Bulk Delete	Direct ROS	Yes	Depends on projection design	Recommended because it creates one delete vector for each ROS that has data to be marked as deleted.
Drop Partition	N/A	No	Fast with catalog removal and storage is removed in the background.	Recommended to clean historic data. It forces the moveout operation before executing to move data inserted in ROS that belongs to partition to be removed.
Truncate	N/A	No	Fast with catalog object changes and storage is removed in the background.	Removes all storage associated with a table while preserving the table definition. Recommended when you need to clean the table content.

Removing Deleted Data Permanently

To make the disk space reusable, Vertica allows you to permanently remove the deleted data from the physical storage of the database. The deleted data is permanently removed from the ROS container.
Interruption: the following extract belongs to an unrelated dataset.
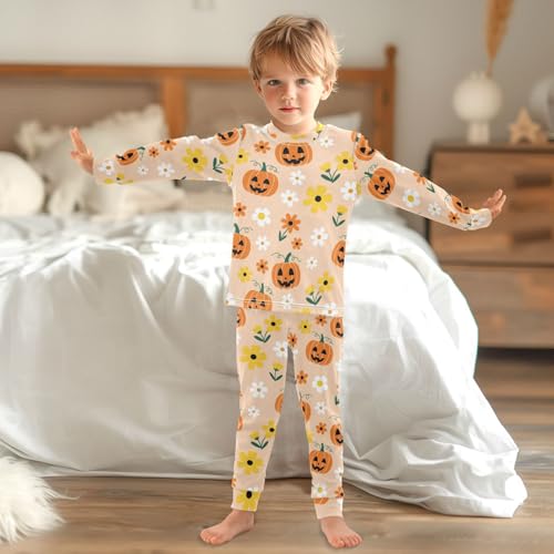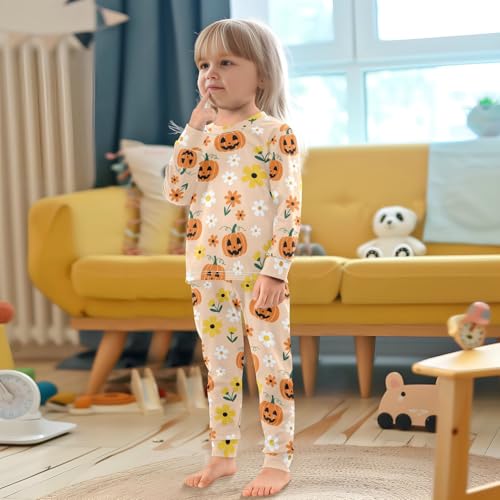 Pajama Sets Long Sleeve Halloween Pumpkins Flowers on Peach Soft Comfy Sleepwear 2 Piece PJS 3-8T 2

You can control the deletion of data in the physical storage of your database by enabling the Tuple Mover to remove the data automatically or removing the data manually.

The Ancient History Mark (AHM) decides when the data is removed permanently. The AHM is an epoch that represents the time until which the history is retained. Any history older than the AHM is eligible for permanent removal.

To determine which data is eligible for automatic removal by the Tuple Mover, set a purge policy. Best practices for setting a purge policy are as follows:

Use the HistoryRetentionTime configuration parameter to specify the time in seconds for which deleted data is saved. This practice is the preferred method for determining which deleted data can be purged. To disable, set the HistoryRetentionTime configuration parameter to -1.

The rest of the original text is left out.